Entries provided:
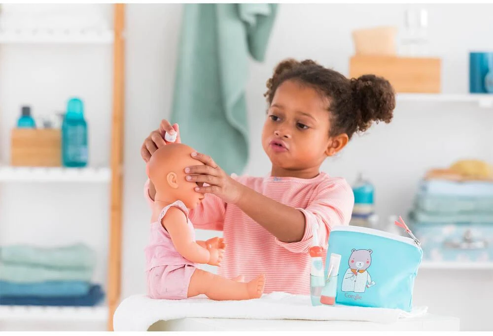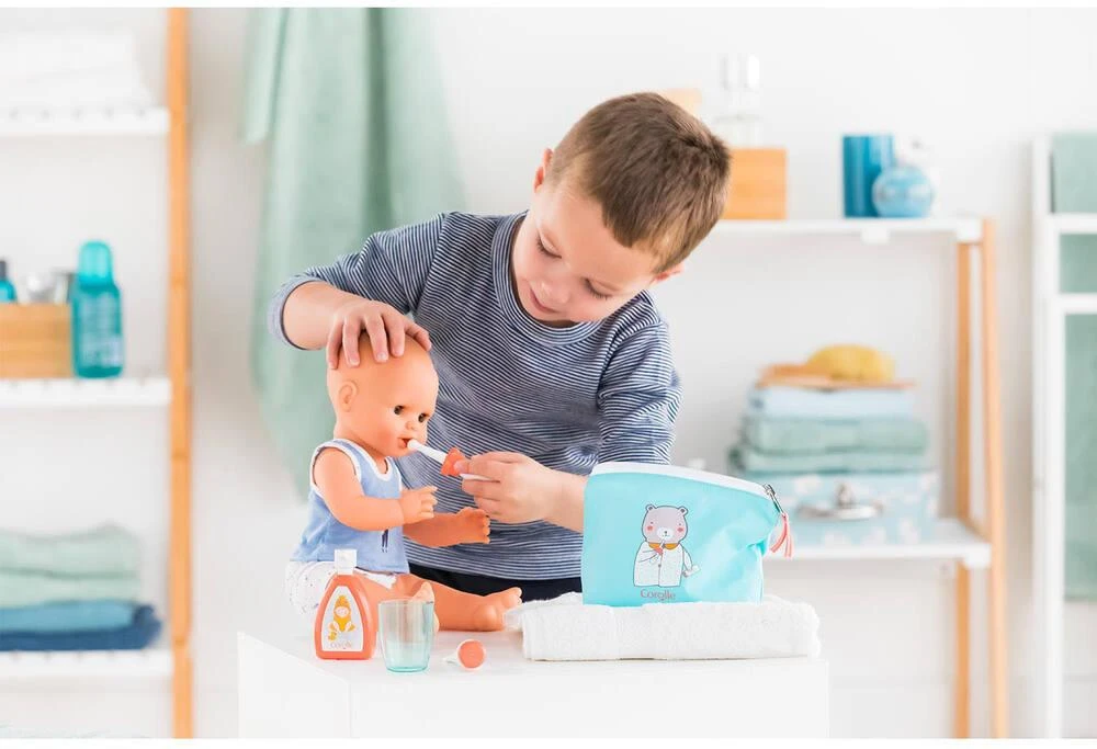 Avec la Trousse de Toilette et ses accessoires; l’enfant dispose de tout ce qu’il faut pour réaliser la toilette de son grand poupon de 36 à 42 cm et intégrer le rituel du brossage de dents : un lait de toilette; un tube de dentifrice; une brosse à dents électrique factice; un verre; ainsi qu’une jolie trousse de toilette pour tout ranger.
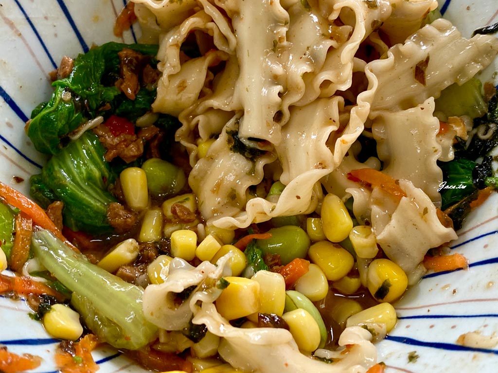 鮮菇Xo刀削麵,麵條較厚口感帶有勁道,XO 醬混著各種繽紛食材一同拌在寬大的麵體表面,讓每一口都很有存在感。
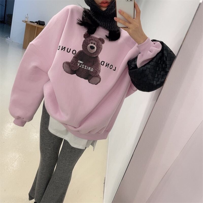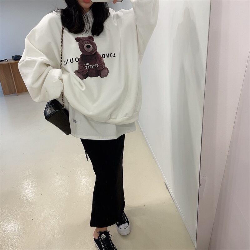 秋冬新作 レトロ ゆったり 長袖 プリント くまちゃん アルファベット プルオーバー トレーナー★# JJKIEB77
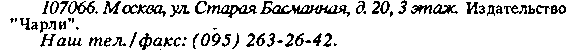 107066, Москва, ул. Старая Басманная, д. 20, 3 этаж. Фирма и издательство "Чарли".
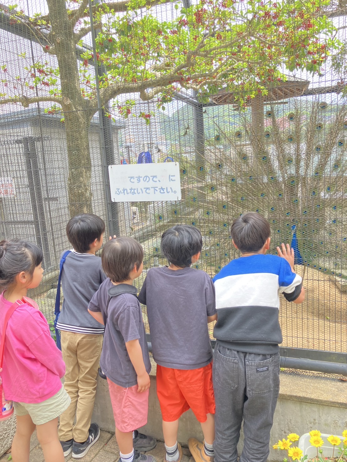 クジャク🦚や馬🐴、白鳥🦢など様々な動物に大喜びのお友達✨ 「なる~‼︎」とお猿さんの名前をみんなで呼ぶ姿に微笑ましく思いました🐒
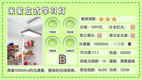 护眼大路灯第十名:米家立式学习灯;具备10000lm的光通量,整体的光线明亮。
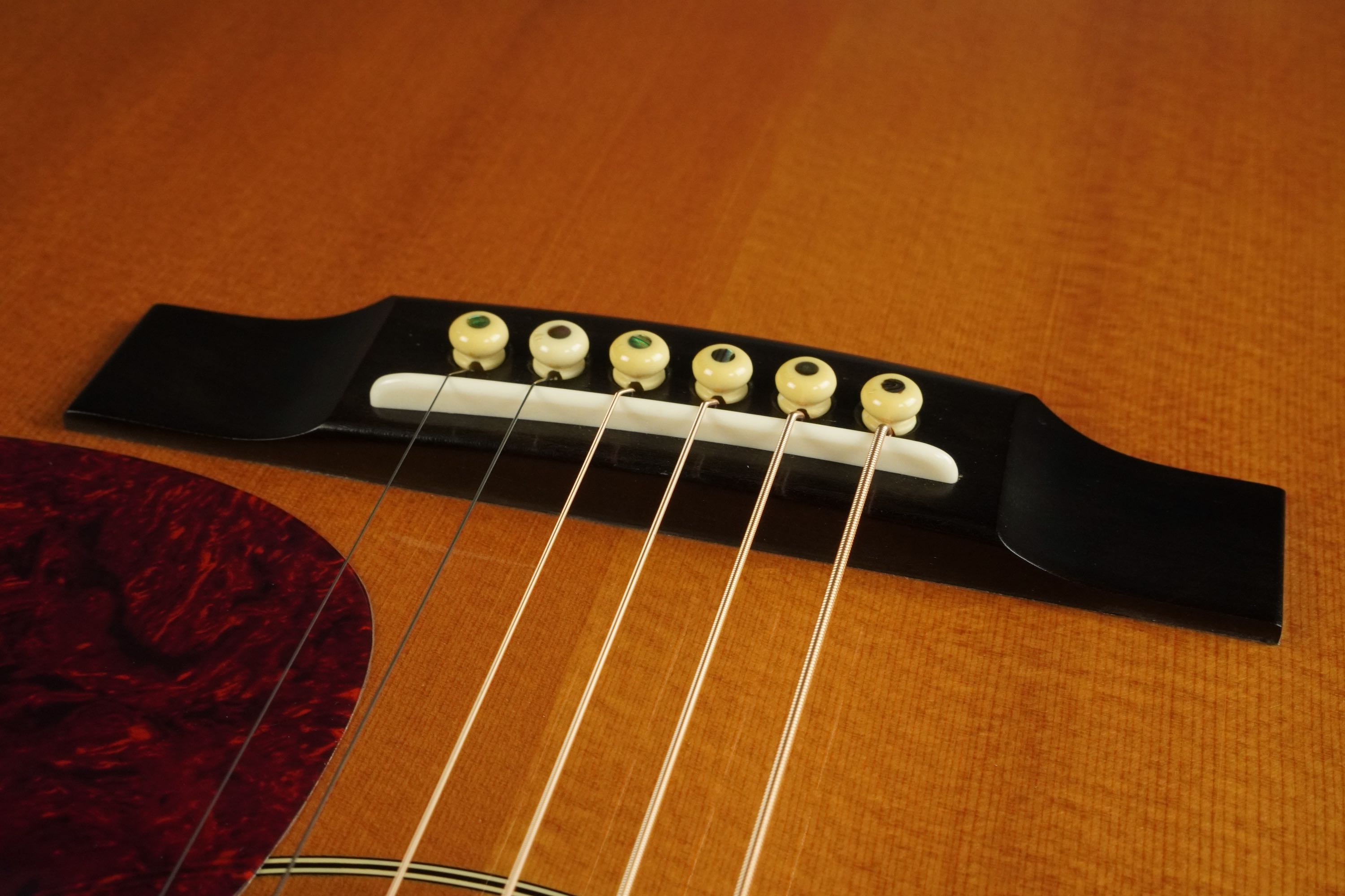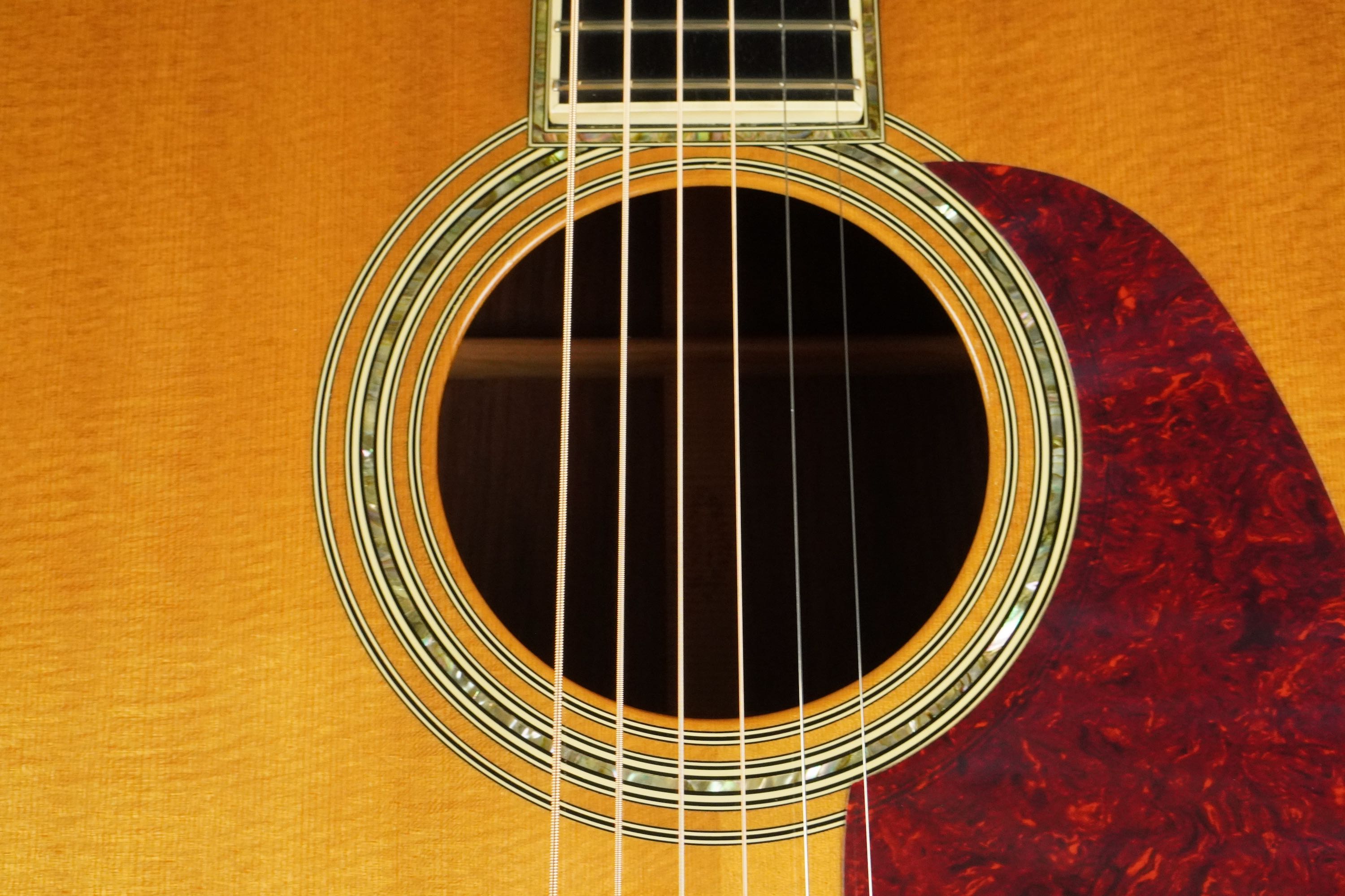 SQネックとノンスキャロップのブレーシングからなのか、1つ1つの音の存在感がしっかりしてコシの強さもあり、どっしりと響く低音に高音弦の煌びやかな響きは本当に素晴らしいギターです!
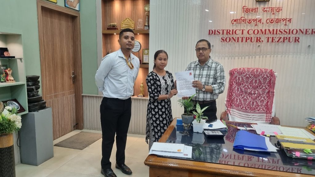 Sonitpur, Assam : On 4th August 2025, Nita Sawra, peer leader of the adolescent group as part of the Creating Child Friendly Communities in Tea Gardens of Assam, from Sessa Tea Estate, Sonitpur district, demonstrated commendable leadership and initiative by engaging directly with the district administration on an issue of menstrual health and hygiene. In a meeting facilitated by the CINI team, Nita met District Commissioner Shri Ananda Kumar Das and submitted a formal letter on behalf of her adolescent group, requesting support in facilitating access to affordable sanitary pads for adolescent girls across tea garden communities. Acknowledging the concerns raised, the District Commissioner assured that the matter would be forwarded to the Joint Director of Health for necessary action and follow-up. Such stories reinforce one of the core objectives of the intervention, i.e., building adolescent agency to influence and contribute to decisions affecting their well-being.

What to do:
Reprint the entries above exactly, images removed.

Answer space:
 Avec la Trousse de Toilette et ses accessoires; l’enfant dispose de tout ce qu’il faut pour réaliser la toilette de son grand poupon de 36 à 42 cm et intégrer le rituel du brossage de dents : un lait de toilette; un tube de dentifrice; une brosse à dents électrique factice; un verre; ainsi qu’une jolie trousse de toilette pour tout ranger.
 鮮菇Xo刀削麵,麵條較厚口感帶有勁道,XO 醬混著各種繽紛食材一同拌在寬大的麵體表面,讓每一口都很有存在感。
 秋冬新作 レトロ ゆったり 長袖 プリント くまちゃん アルファベット プルオーバー トレーナー★# JJKIEB77
 107066, Москва, ул. Старая Басманная, д. 20, 3 этаж. Фирма и издательство "Чарли".
 クジャク🦚や馬🐴、白鳥🦢など様々な動物に大喜びのお友達✨ 「なる~‼︎」とお猿さんの名前をみんなで呼ぶ姿に微笑ましく思いました🐒
 护眼大路灯第十名:米家立式学习灯;具备10000lm的光通量,整体的光线明亮。
 SQネックとノンスキャロップのブレーシングからなのか、1つ1つの音の存在感がしっかりしてコシの強さもあり、どっしりと響く低音に高音弦の煌びやかな響きは本当に素晴らしいギターです!
 Sonitpur, Assam : On 4th August 2025, Nita Sawra, peer leader of the adolescent group as part of the Creating Child Friendly Communities in Tea Gardens of Assam, from Sessa Tea Estate, Sonitpur district, demonstrated commendable leadership and initiative by engaging directly with the district administration on an issue of menstrual health and hygiene. In a meeting facilitated by the CINI team, Nita met District Commissioner Shri Ananda Kumar Das and submitted a formal letter on behalf of her adolescent group, requesting support in facilitating access to affordable sanitary pads for adolescent girls across tea garden communities. Acknowledging the concerns raised, the District Commissioner assured that the matter would be forwarded to the Joint Director of Health for necessary action and follow-up. Such stories reinforce one of the core objectives of the intervention, i.e., building adolescent agency to influence and contribute to decisions affecting their well-being.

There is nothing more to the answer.